The world had saw a broken and injured kid begging for help, and fed me to hell hounds that then consumed my corpse for years. My brain never let that go, my brain kept that on repeat. I was a lonely kid. I trusted. I was happy and over joyed. I was stabbed. I was used. I never stopped being lonely. I never stopped being sad. I never stopped being hurt. I was a lonely kid. I trusted. loop loop loop for six years.
(CW cleared)
I was a lonely kid- but during one conversation, I had casually brought up that and Riku had sat there and went, "That's really awful, in a different way I can relate.... but... you know, at the very least, at least we have each other right? You had no one before, no one cared about you, no one loved you, no one gave you attention, no one had genuine interest in you but.... I'm here now and now we have each other."
And that didn't have any huge immediate changes, but it really stuck because it did break that loop a bit, as for the first time, it did make me realize that I wasn't a lonely scared kid desperate for some help. I had at least one person I had a genuine connection with, a person that both existed internally and that I could tell - by the nature of sharing a brain - had no ulterior motive other than genuinely being my friend.
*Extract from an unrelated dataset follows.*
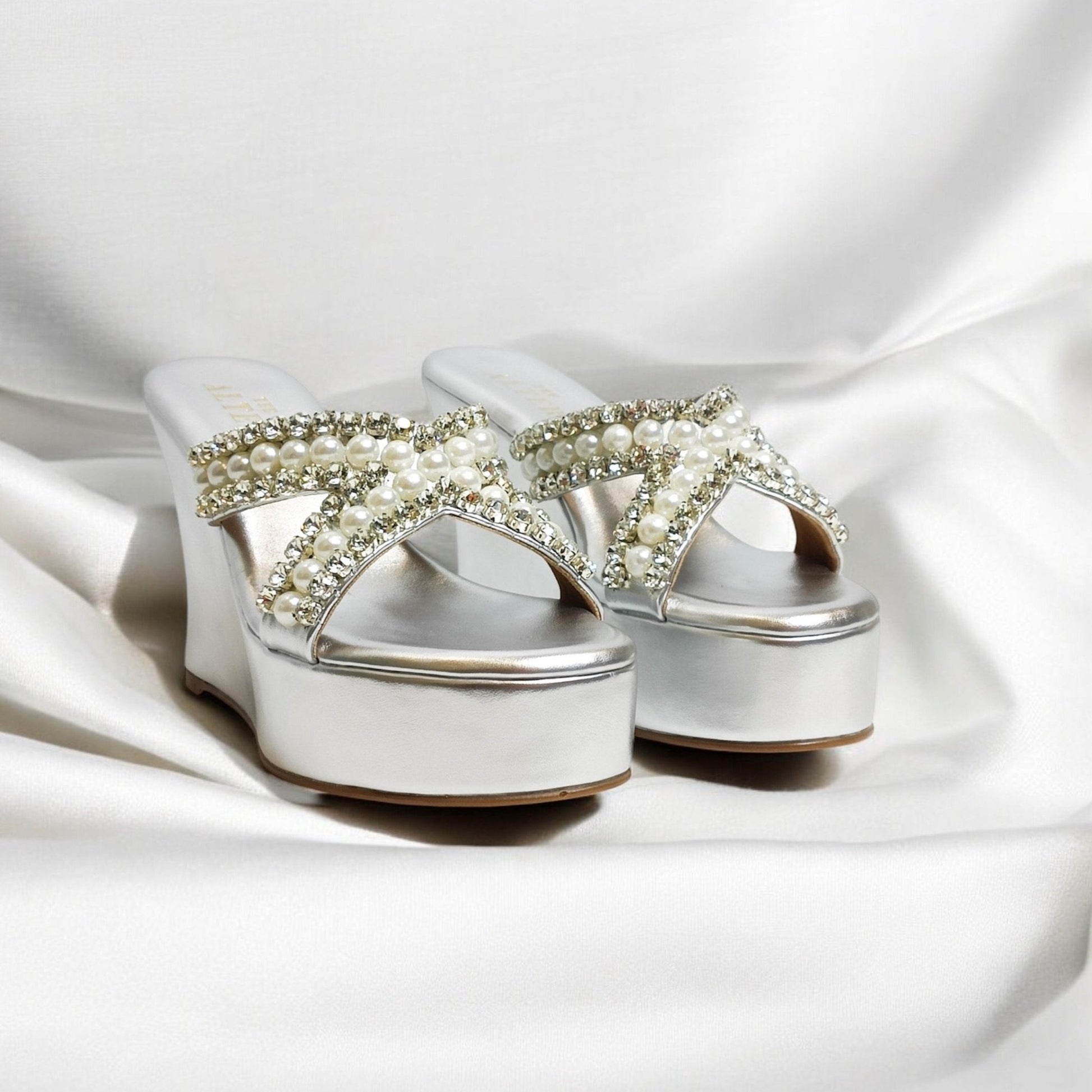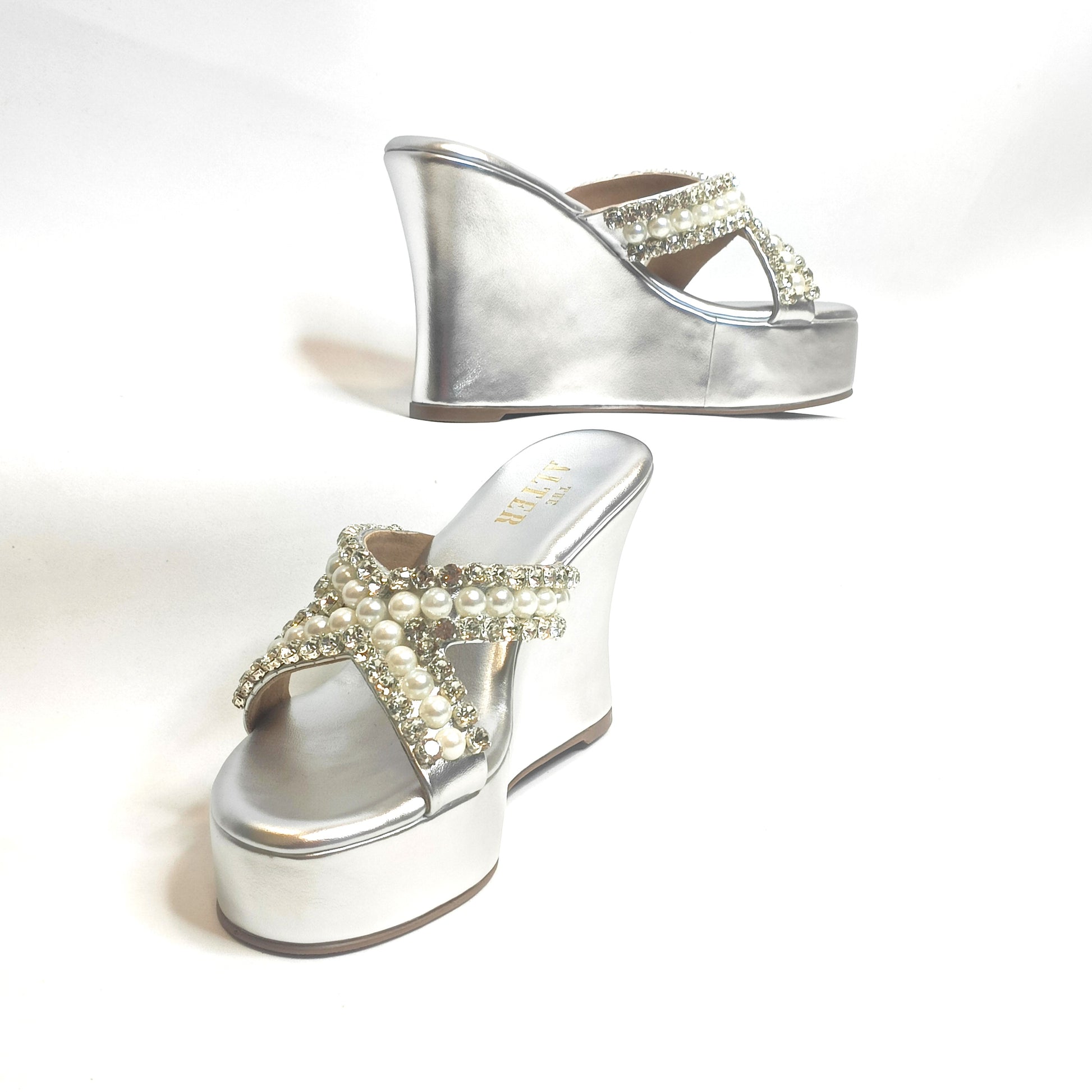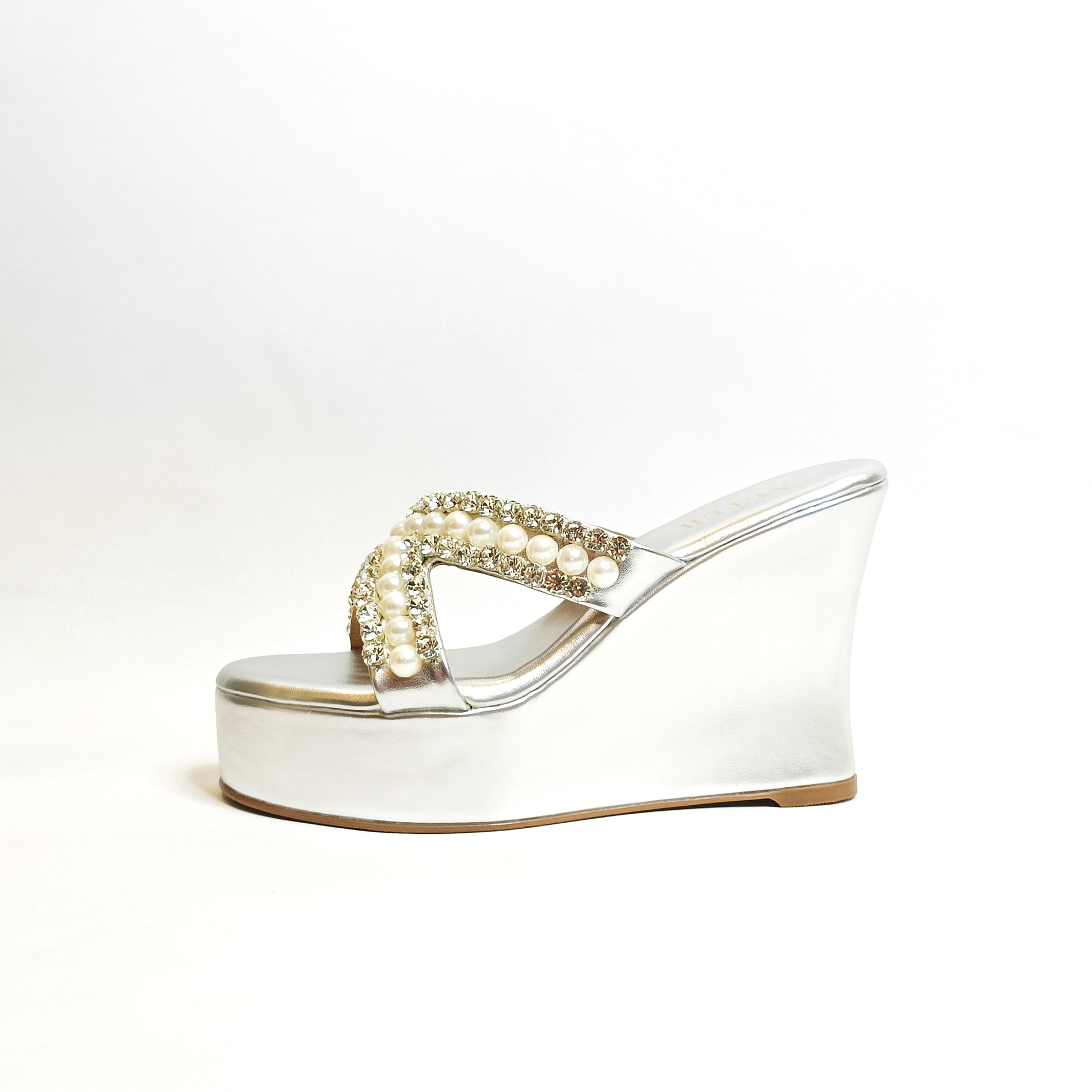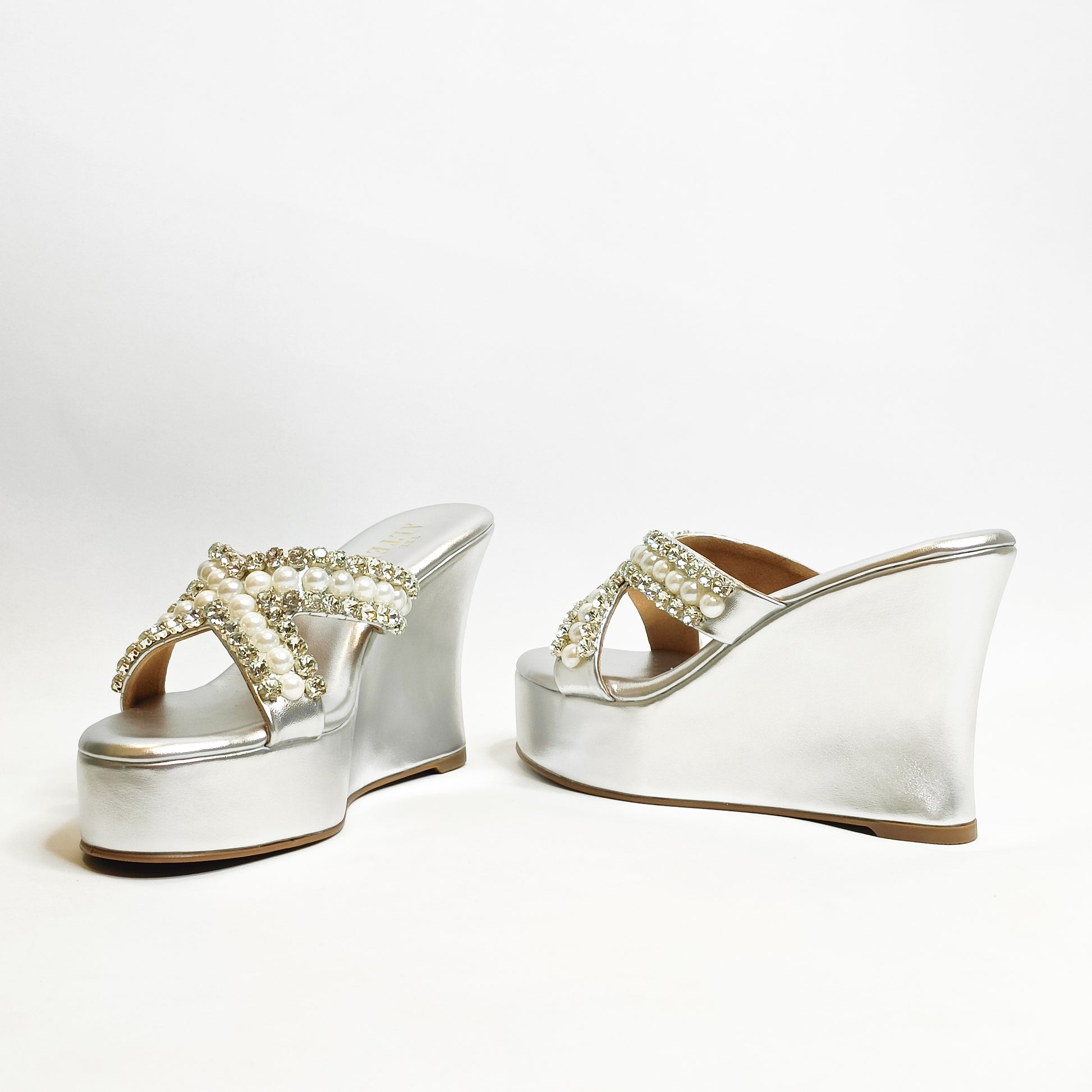 This seasons most awaited, sparkling Embellished Criss Cross Wedges with rhinestone and pearls embellished detailing is just the pair you need to dazzle your festive look. Our Go to pair for not just comfort but the pretty embellishments too!

And at that point, I was a lonely kid that did get a friend who was authentically interested in me, authentically cared about me, that was authentically gentle and kind and authentically loved me unconditionally. I had what I had needed that got me into the situation I was abused in. Why would I have to go back over as to why that abuser used me and hurt me? Why did that person matter anymore?
The starting point of the trauma loop had been addressed and answered. The narrative of lonely -> manipulated -> betrayed -> hurt -> lonely was changed to lonely -> got the care they needed -> life???
And to that narrative point, I think its important to sit there and find what is that starting point and fulfilling what that starting point of the loop needed to have it go in a different direction.
But with that being said, I still don't recommend directly trying to figure it out as the part that is not going through it. It can come off as very invasive and that cerebral approach to being there with the part you are trying to help will make you feel distant, cold, and will likely feel like an ulterior motive.
To that point, I cycle back. Just sit with the part, speaking or not. Sit with them and meet them at their interest and rate of being around.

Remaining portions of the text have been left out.